In Egypt -- as is the case nearly everywhere else -- the police and army are what Alexander Hamilton called "correspondent appendages of military establishments." Not every individual soldier or policeman is exceptionally depraved, of course. But the institutional purpose of such establishments is to serve the depraved interests of those who control the State. This is why, as Hamilton pointed out, military bodies (which include police agencies) "have a tendency to destroy ... civil and political rights." Decades of "emergency" rule in Egypt have destroyed whatever trivial substantive differences may once have separated the police from the military.

In the late summer of 1994 I spent a couple of weeks in Cairo covering a United Nations conference on population control. That event attracted thousands of people -- politicians, delegates, lobbyists, activists, and journalists -- from around the world. In anticipation of media scrutiny the Mubarak regime made a considerable effort to prettify itself. The cosmetic changes included issuing brand new white uniforms to the heavily-armed police officers who were deployed in small groups everywhere in downtown Cairo.

I remained in Cairo for a few days after the conference ended. It was my expectation that the departure of the Important People would bring about a change in the security situation. In a sense, I was correct: The white uniforms were put away, and the heavily-armed police who prowled the streets reverted to their standard military attire. Like other visitors, I had assumed that the high-profile police presence was the exception, rather than the rule. We were wrong.

The ongoing upheaval in Egypt offers a potent illustration of the fact that government police agencies are instruments of plunder, rather than protection -- and that protection of person and property is best handled privately.

When they weren't beating people in the streets or hauling them off to be murdered, plainclothes thugs from Egypt's Central Security Service (or Mukhabarat) brazenly looted private businesses or provided protection to those who did -- deputized criminals referred to by one protester on the scene as "prisoners who have been released by that bastard Mubarak in return for their services to beat up civilians." Egyptians not employed in the coercive sector responded by creating private anti-looting patrols.

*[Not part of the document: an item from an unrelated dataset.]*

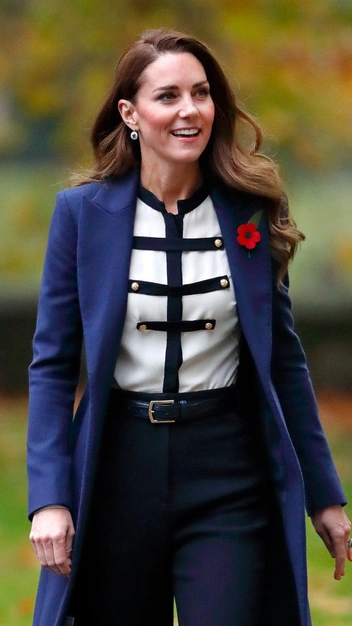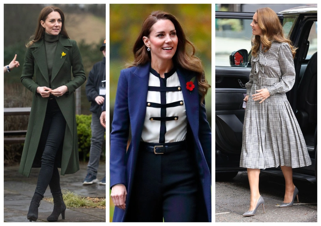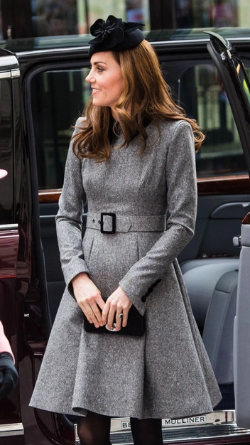 Минималистичное серое платье-пальто со скромным черным воротником и ремнем, подчеркивающим талию, для Кейт сшила ее любимый дизайнер Кэтрин Уокер (читайте также: Было/стало: как дизайнеры перешивают свои наряды ради Кейт Миддлтон). В этом году Кембриджская появлялась в нем на мероприятии в компании с принцем Чарльзом и герцогиней Камиллой, в 2020-м носила платье-пальто на службе, посвященной Дню памяти жертв Холокоста. А в 2019-м надевала любимую вещь для визита в Королевский колледж в Лондоне.

Public loathing of the government's police force is widespread in Egypt, which is a healthy development in any society. However, as Mr. Wahab's comments illustrate, the growing disrepute of Egypt's police organs organs has actually enhanced the stature of the military.

Writes Steve Coll of The New Yorker: "There have been reports that protesters are relieved to see the Army in the streets; no doubt, as in many other like countries, the Army has more credibility than the corrupt and often torture-prone police."

For 31 years, Hosni Mubarak has been a CIA sock puppet ruling through decree while maintaining a pretense of "legitimacy." Mubarak avoided naming a successor, most likely because Washington didn't give him permission to do so. In the terminal crisis of his reign, he has tapped Omar Suleiman, the head of the Mukhabarat secret police, to serve as vice president. Since Suleiman has been running Egypt's apparatus of imprisonment, torture, and murder for decades, this appointment wasn't really a promotion. And in his current position Suleiman would be in charge, even if somebody else is cast in the role of figurehead.

Ian Black, Middle East editor for the London Guardian, points out that Suleiman "is the keeper of Egypt's and the president's secrets, a behind-the-scenes operator who has been intimately involved in the most sensitive issues of national security and foreign policy for nearly 20 years."

Not only was he was the dungeon master and chief persecutor of Egypt's political dissidents, but he also coordinated rendition and torture operations with the CIA. He's also been a dutiful asset of the Pentagon, according to WikiLeaks.

A Foreign Policy profile of Suleiman published two years ago points out that Suleiman was a rent boy for both sides during the Cold War circle-jerk: He attended "the Soviet Union's Frunze Military Academy" while Cairo was a Soviet client, and then "received training at the John F. Kennedy Special Warfare School and Center" at Ft. Bragg in the 1980s. As head of the Mukhabarat, Suleiman was"one of a rare group of Egyptian officials who hold both a military rank ... and a civilian office...." His most important assignment was to monitor "Egypt's security apparatus for signs of internal coups."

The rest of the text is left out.